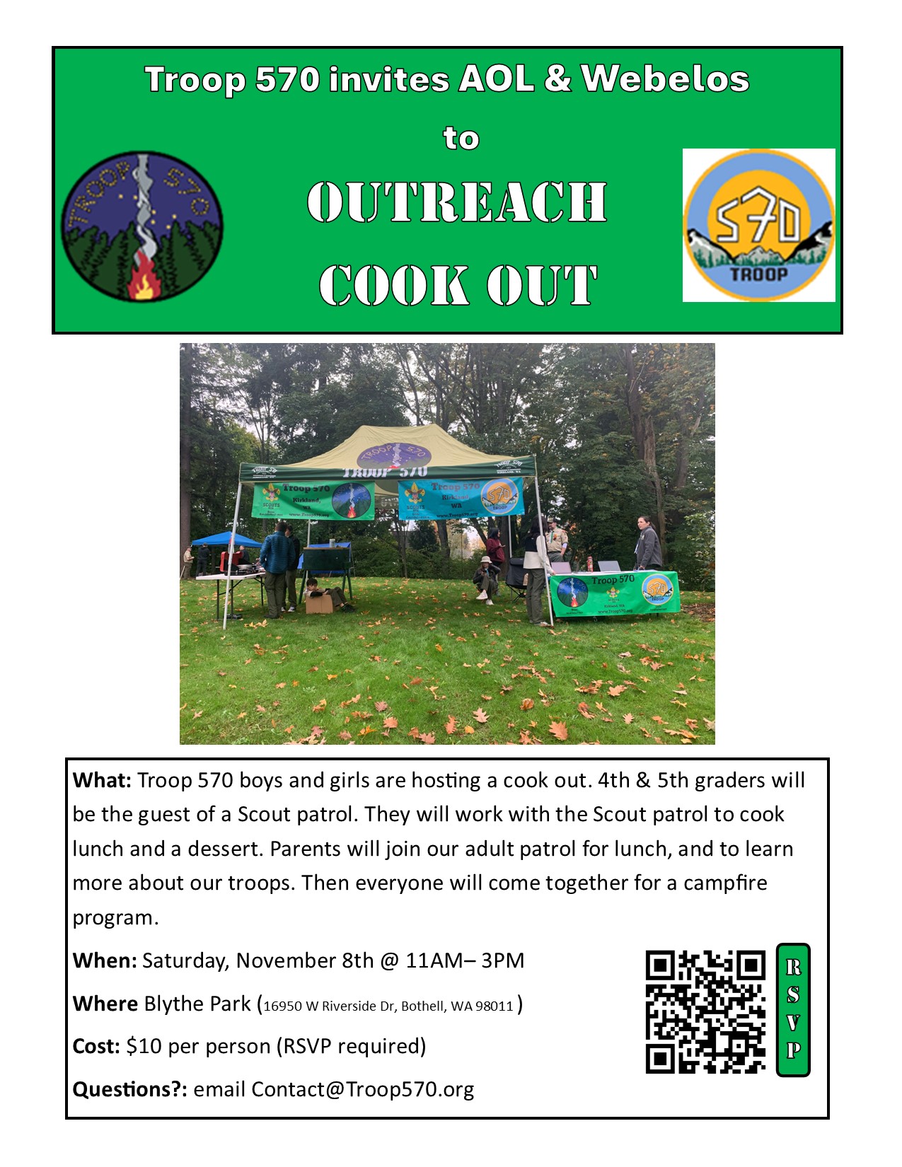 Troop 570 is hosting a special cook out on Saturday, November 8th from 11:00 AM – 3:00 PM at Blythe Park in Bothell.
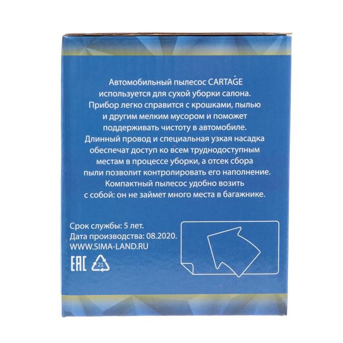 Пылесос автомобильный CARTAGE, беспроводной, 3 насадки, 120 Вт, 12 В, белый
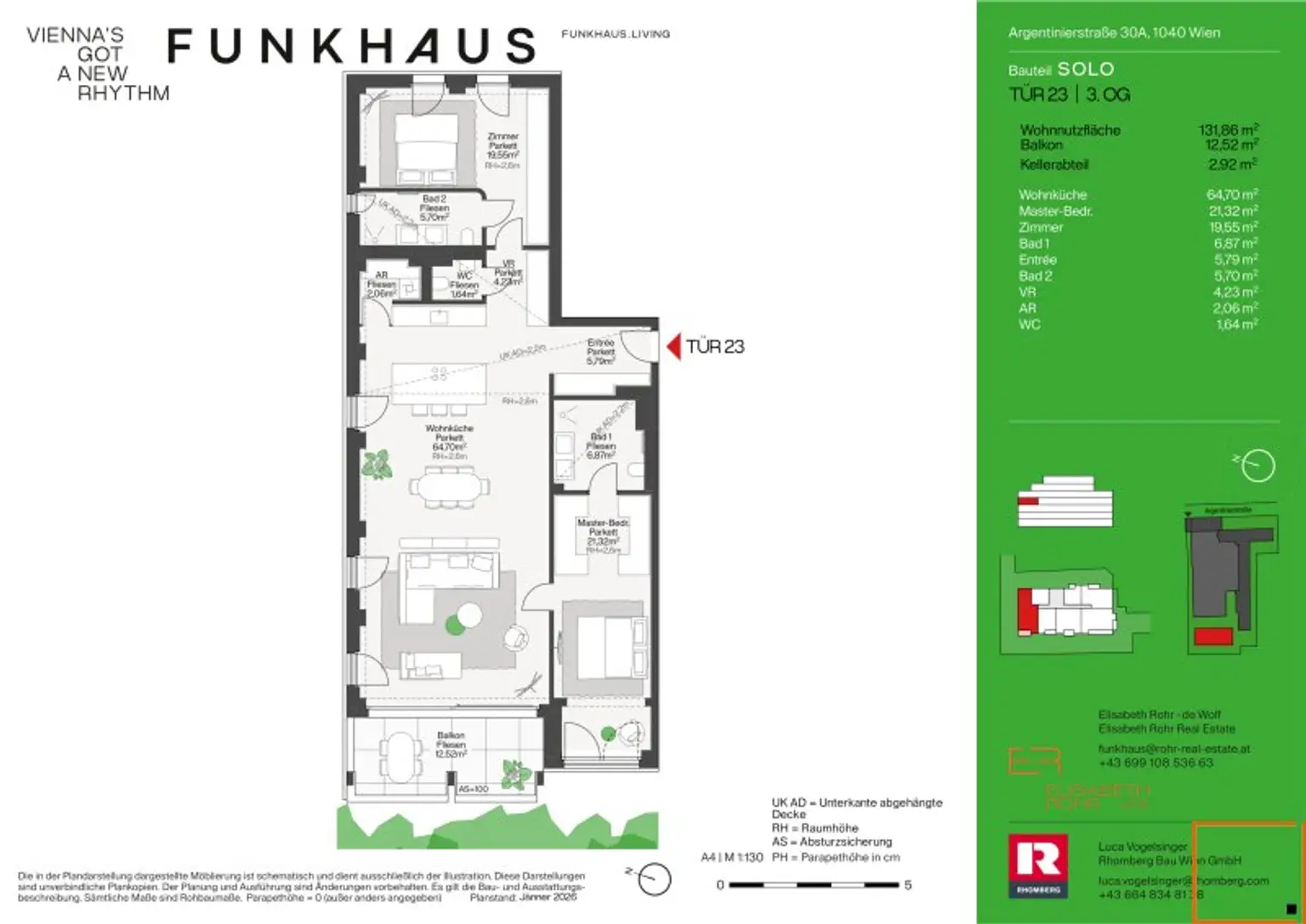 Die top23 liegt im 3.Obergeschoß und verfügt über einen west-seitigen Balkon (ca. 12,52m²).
-.-.-
To do
Transcribe only the lines between the line containing "Пылесос автомобильный CARTAGE, беспроводной, 3" and the final line of the listing, inclusive, exactly as they appear; no pictures are to be included.

Answer section
 Пылесос автомобильный CARTAGE, беспроводной, 3 насадки, 120 Вт, 12 В, белый
 Die top23 liegt im 3.Obergeschoß und verfügt über einen west-seitigen Balkon (ca. 12,52m²).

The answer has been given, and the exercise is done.